Pengelolaan Jam Kerja yang Berlebihan
Salah satu tanda utama eksploitasi pegawai adalah pengelolaan jam kerja yang berlebihan. Organisasi yang memaksa pegawainya untuk bekerja lebih dari batas wajar tanpa pemberian kompensasi yang setara dapat merugikan kesehatan dan keseimbangan kehidupan kerja-kehidupan pribadi pegawai (Schulte et al., 2022). Oleh karena itu, memantau praktik pengelolaan jam kerja dan memastikan kepatuhan terhadap standar industri serta peraturan perburuhan menjadi sangat penting. Jika organisasi memaksa pegawainya untuk bekerja melebihi batas waktu yang wajar, ini dapat menyebabkan kelelahan, stres, dan penurunan kualitas hidup pegawai.
Diskriminasi dalam Kompensasi
Diskriminasi dalam hal kompensasi, baik berdasarkan jenis kelamin, etnisitas, atau faktor lainnya, juga merupakan tanda potensial eksploitasi pegawai.

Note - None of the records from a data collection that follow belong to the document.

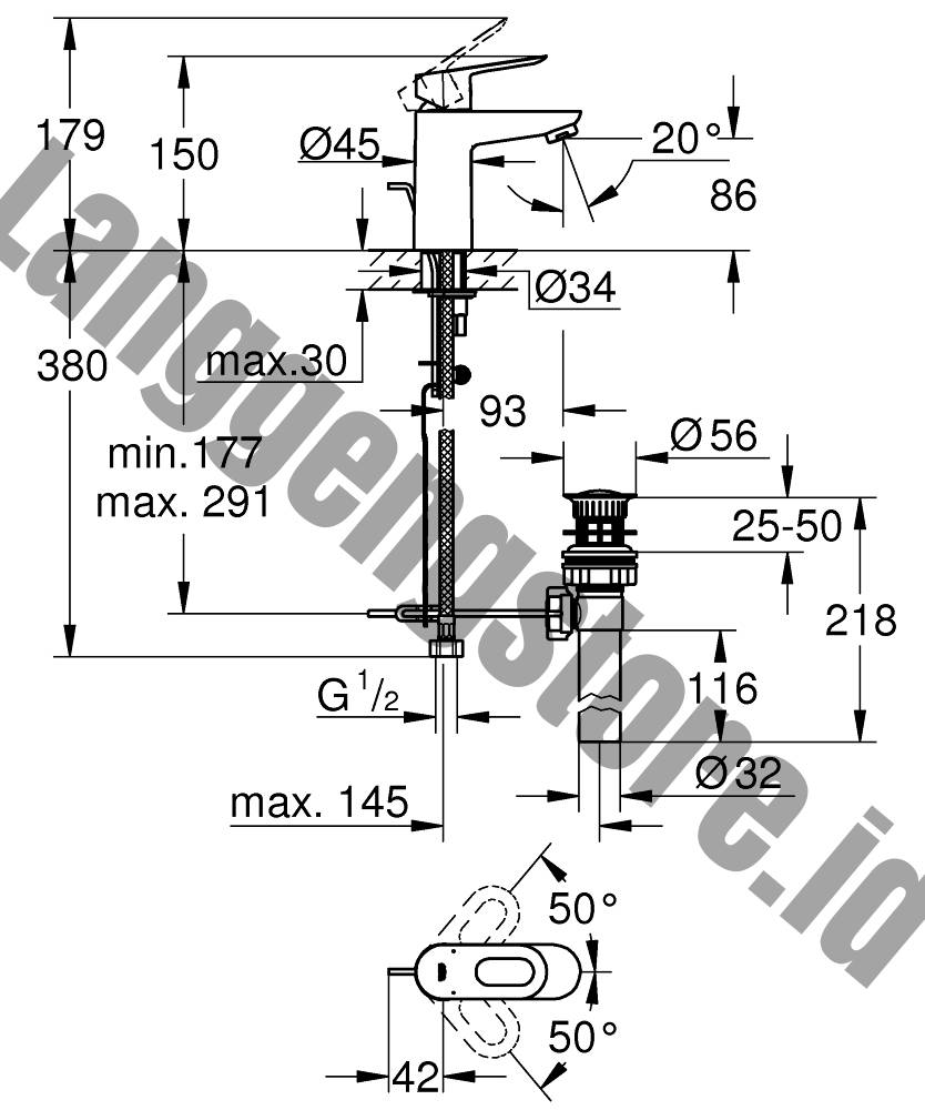 BauLoop Single-lever basin mixer by Rino Grohe #SKU. 32814000 Product description : BauLoop Single-lever basin mixer single hole installation metal lever GROHE StarLight chrome finish mousseur pop-up waste set 1 1/4″ flexible connection hoses rapid-installation-system Colour Chrome Dimensional Drawing Product Range
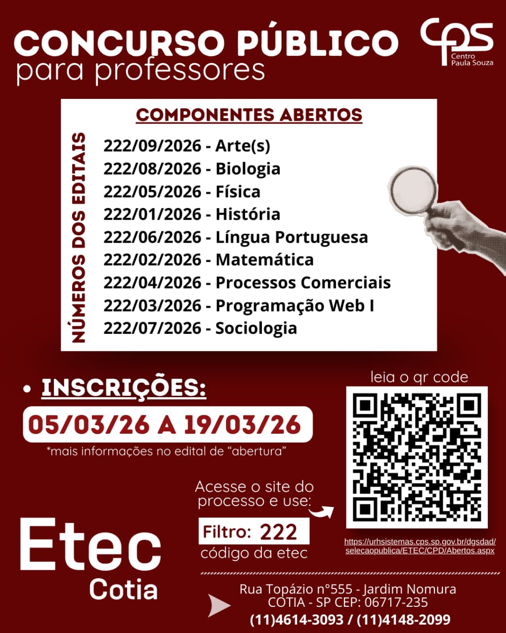Estão abertos o processo do concurso público para docentes do Centro Paula Souza, com vagas na Etec de Cotia! 👩‍🏫📚
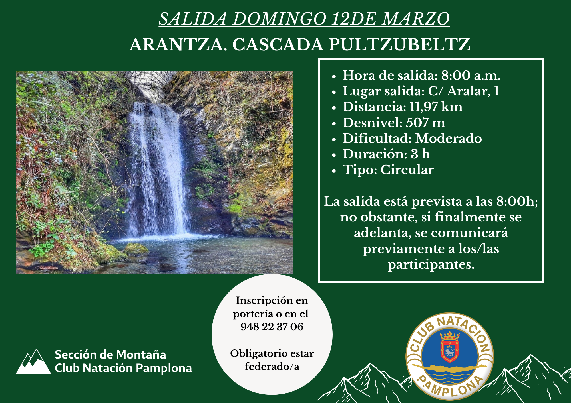 El próximo domingo 12 de marzo, nuestra sección de Montaña organiza una nueva salida para descubrir el entorno de Arantza y la espectacular Cascada Putzubeltz. Se trata de un recorrido circular de gran belleza natural, ideal para disfrutar de los paisajes verdes y el agua en esta época del año.
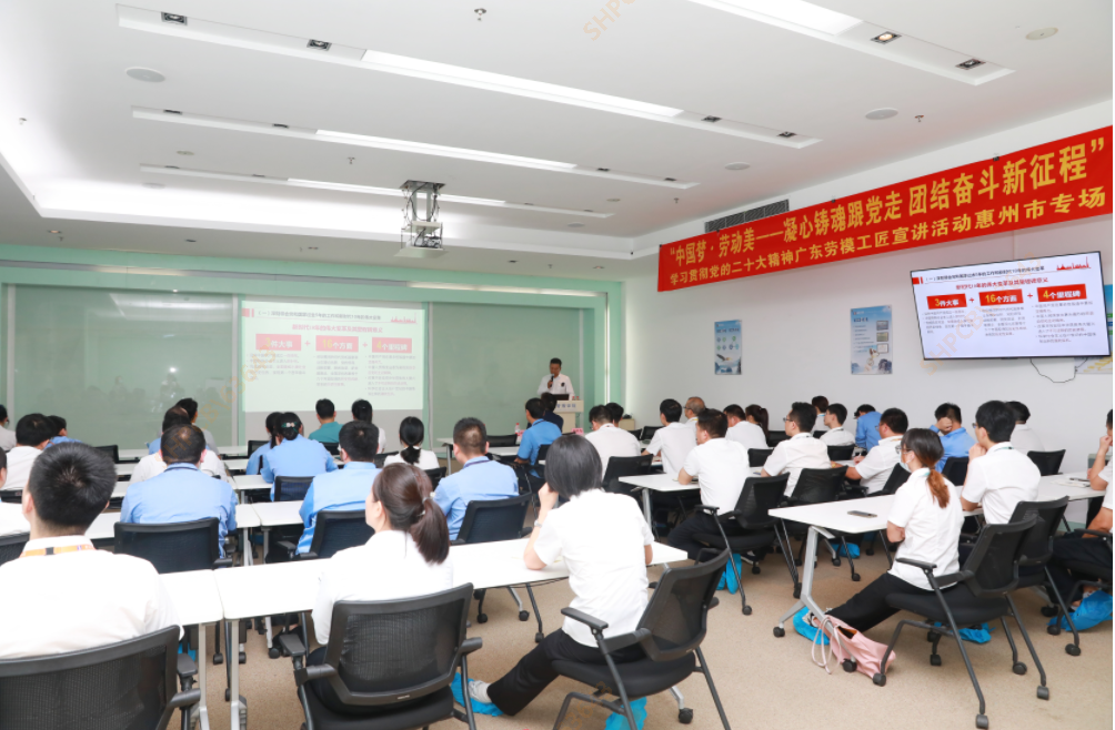 为深入学习宣传贯彻党的二十大精神,切实引领广大职工群众在新时代新征程上踔厉奋发、勇毅前行。5月16日晚,"中国梦·劳动美一凝心铸魂跟党走、团结奋斗新征程”学习贯彻党的二十大精神广东劳模工匠宣讲活动走进多宝电竞科技。宣讲会由党的二十大代表、学习贯彻党的二十大精神市委宣讲团成员、中海油惠州石化有限公司技能专家高东斌授课,惠州市总工会组宣部部长李伟宏,组宣部高俊华、惠阳区总工会副书记钟耀辉、组宣部负责人米天平、公司工会主席/采购中心总监杨峰伟以及各中心/事业部代表50余人参加。
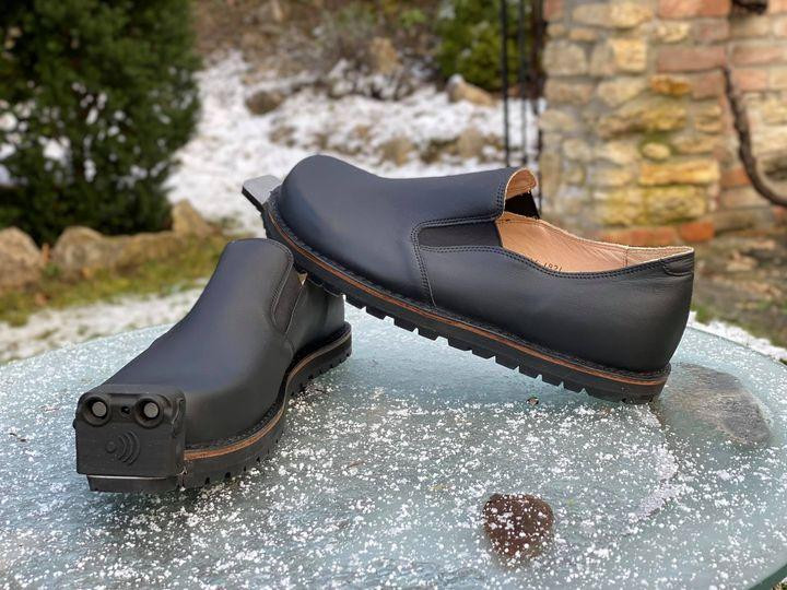 Mẫu giày hiện được trang bị các cảm biến để phát hiện chướng ngại vật. Ảnh: Tec-Innovation
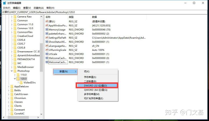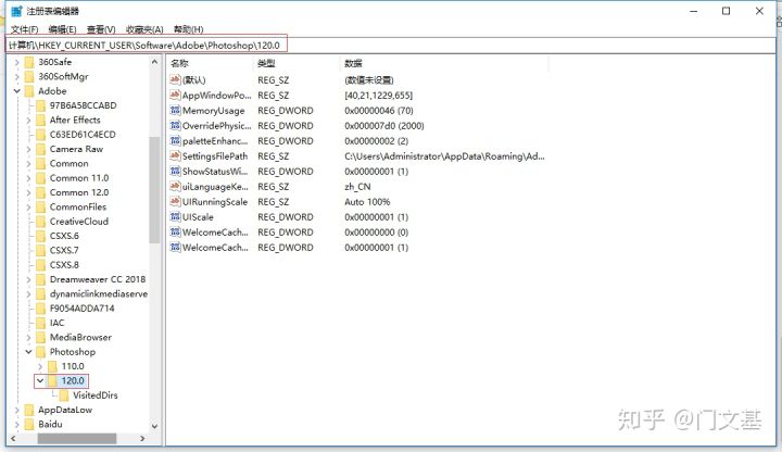 计算机\HKEY_CURRENT_USER\Software\Adobe\Photoshop\120.0(没有120就选110)
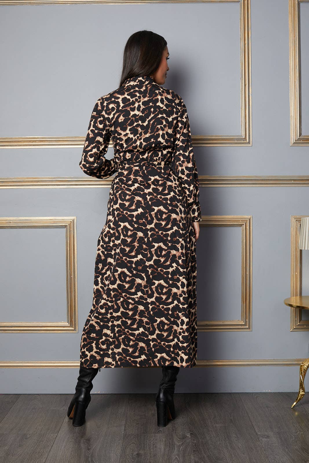 Elevate your style with our chic leopard print button-down wrap dress. Crafted from soft, satin-like polyester, this dress has a luxurious feel and a gorgeous drape. It features a self-fabric belt for a defined waist and a flattering wrap style that suits every body shape. Midi-length, this dress is versatile and perfect for any occasion, from work to weekend outings. Available in a range of sizes from XS to 3XL, it’s designed to make every woman feel confident and stylish. 100% Polyester Satin
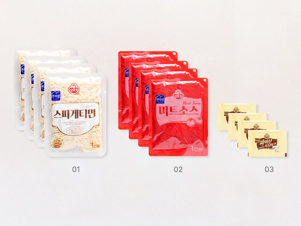 끓는 물에 스파게티 면을 넣고 90초 동안 끓이고 물기를 빼주세요. 미트소스는 별도의 끓는 물에 3분간 데운 후 삶은 면, 파마산 치즈와 함께 섞어주세요.
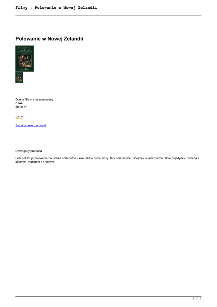 Filmy : Polowanie w Nowej Zelandii Polowanie w Nowej Zelandii Ocena Nie ma jeszcze oceny Cena 89,00 z? Zadaj pytanie o produkt Szczegó?y produktu Film pokazuje polowanie na jelenie szlachetne i sika, dzikie owce, kozy, tary oraz kozice. Obejrze? w nim mo?na tak?e pojedynek Torbena z pi?knym marlinem b??kitnym. 1 / 1 Powered by TCPDF (www.tcpdf.org)
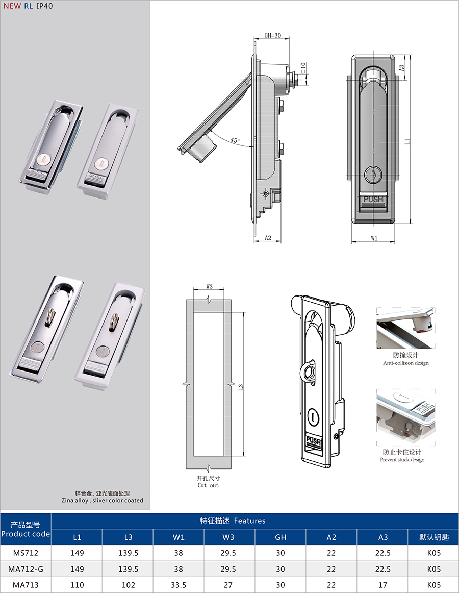 | PRODUCT NAME | MS712 Bright Chrome Plated Coated Industrial Refrigerator Lock |

Penelitian oleh Brown dan Smith (2023) menunjukkan bahwa praktik-praktik kompensasi yang tidak adil dapat merugikan moral pegawai dan mengurangi motivasi mereka untuk berkinerja tinggi. Transparansi dalam kebijakan kompensasi dan pencegahan diskriminasi sangat penting untuk menjaga integritas organisasi. Pegawai yang diberi tanggung jawab dan beban kerja yang besar seharusnya menerima kompensasi yang sesuai. Jika perusahaan tidak memberikan kompensasi yang adil dan sebanding dengan kontribusi pegawai, ini dapat dianggap sebagai bentuk eksploitasi. Studi oleh International Labour Organization (ILO) menunjukkan bahwa kesenjangan gaji yang besar antara eksekutif dan pekerja biasa dapat menyebabkan ketidakpuasan dan ketidakstabilan di tempat kerja.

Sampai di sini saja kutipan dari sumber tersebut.